Read more in our “Kubernetes 1.23 – What’s new?” article.

#2887 openapi enum types to beta

Stage: Graduating to Beta
Feature group: api-machinery
Feature gate: OpenAPIEnum Default value: true

This enhancement improves the Kubernetes OpenAPI generator so it can recognize types marked with +enum and look for auto-detect possible values for an enum.

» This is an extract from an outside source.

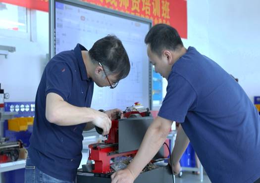 线下培训主要由太阳集团工业中心、创新创业学院,康尼机电产业技术研究院,国际教育学院联合企业共同完成,共进行三个单元部分的训练。分别是:课程教学方法创新训练;电子电气与机械基础的两组项目课程教学实践培训;智能制造专业群的课程开发与课程建设的培训和研讨。

Read more in our “Kubernetes 1.23 – What’s new?” article.

#2896 OpenAPI v3

Stage: Graduating to Beta
Feature group: api-machinery
Feature gate: OpenApiv3 Default value: true

This feature adds support to kube-apiserver to serve Kubernetes and types as OpenAPI v3 objects. A new /openapi/v3/apis/{group}/{version} endpoint is available. It serves one schema per resource instead of aggregating everything into a single one.

Read more in our “Kubernetes 1.23 – What’s new?” article.

Apps in Kubernetes 1.24

#961 maxUnavailable for StatefulSets

Stage: Alpha
Feature group: apps
Feature gate: MaxUnavailableStatefulSet Default value: false

StatefulSets support stateful applications, either because they need stable persistent storage, unique network identifiers, or an ordered rolling update, to name a few use cases.

In this last case, when performing a rolling update, the Pods will be deleted and recreated one at a time. That minimizes the risk of losing instances of the application, and maximizes the availability and chances of rolling back if something goes wrong.

The subresource maxUnavailable will, from now on, control how many of the application Pods are deleted and recreated at a time, which might speed up the rolling update of an application.

To avoid surprises, before doing a rolling update of a stateful application, remember to check the value of this new parameter. Keep in mind that a very high value might switch our rolling deployment into a recreate one, making us losing the service completely (temporarily in the best case).

#3140 TimeZone support in CronJob

Stage: Alpha
Feature group: apps
Feature gate: CronJobTimeZone Default value: false

This feature honors the delayed request to support time zones in the CronJob resources. Until now, the Jobs created by CronJobs are set in the same time zone, the one on which the kube-controller-manager process was based.

The process of calculating the time at which your Jobs need to start is over. Finding the right time zone might be your new challenge.

#2214 Indexed Job semantics in Job API

Stage: Graduating to Stable
Feature group: apps
Feature gate: IndexedJob Default value: true

Indexed Jobs were introduced in Kubernetes 1.21 to make it easier to schedule highly parallelizable Jobs.

This enhancement adds completion indexes into the Pods of a Job with fixed completion count, to support running embarrassingly parallel programs.

Read more in our “Kubernetes 1.22 – What’s new?” article.

#2232 batch/v1: add suspend field to Jobs API

Stage: Graduating to Stable
Feature group: apps
Feature gate: JobReadyPods Default value: true

Since Kubernetes 1.21, Jobs can be temporarily suspended by setting the .spec.suspend field of the job to true, and resumed later by setting it back to false.

Read more in our “Kubernetes 1.21 – What’s new?” article.

#2879 Track Ready Pods in Job status

Stage: Graduating to Beta
Feature group: apps
Feature gate: JobReadyPods Default value: true

This enhancement adds the Job.status.ready field that counts the number of Job Pods that have a Ready condition, similar to the existing active, succeeded, and failed fields. This field can reduce the need to listen to Pod updates in order to get a more correct picture of the current status.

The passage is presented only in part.